Abbiamo passato mesi a parlare dei suoi sentimenti sui suoi punti di forza, su chi esistesse sotto tutti quei "dovrei". Divenne chiaro che non riconosceva le sue doti perché continuava ad aspirare a raggiungere un sé idealizzato, un'immagine irraggiungibile che corrispondeva alla vita immaginata delle persone che vedeva sui social media.


Mentre seguitavamo a esplorare le strade per farle sentire i suoi talenti e le sue doti, da cui poteva trarre una reale fiducia, lei mostrava una maggiore spontaneità nelle sue scelte. Ha deciso di fare un passo indietro per ottenere una laurea in sanità pubblica. Voleva fare ricerca, una ricerca che le permettesse di combinare la sua creatività con il suo amore per i dettagli meticolosi. Voleva dare il suo contributo al mondo.

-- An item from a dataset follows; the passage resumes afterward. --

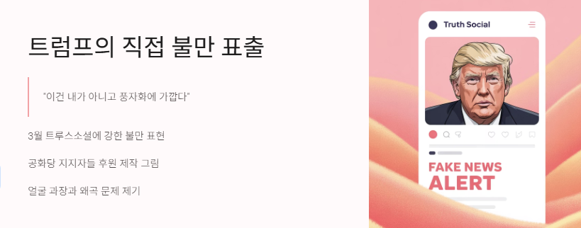 트럼프 초상화에 대한 논란은 지난 3월에 처음 터졌어요. 트럼프가 직접 SNS에 “이건 내가 아니고 풍자화에 가깝다”며 강하게 불만을 표출했거든요. 진짜 트루스소셜에 글 올렸던 거 봤는데, 너무 강하게 말해서 진짜 놀랐어요.

Questo processo è stato fare due passi avanti e un passo indietro. È una sfida aiutare i pazienti a mantenere i loro punti di forza mentre sono ancora immersi e influenzati dal mondo esterno. Ma, ad ogni passo avanti, era un po' più vicina a chi era e un po' più lontana da chi pensava di dover essere.


Forse è giunto il momento per tutti noi di rivisitare i grandi contributi di Karen Horney. Per coloro che non hanno familiarità con il suo lavoro, consiglio vivamente Nevrosi e sviluppo della personalità, dove troverete elaborate le idee sopra citate.


*Le informazioni su Erica sono state modificate per proteggerne l'anonimato.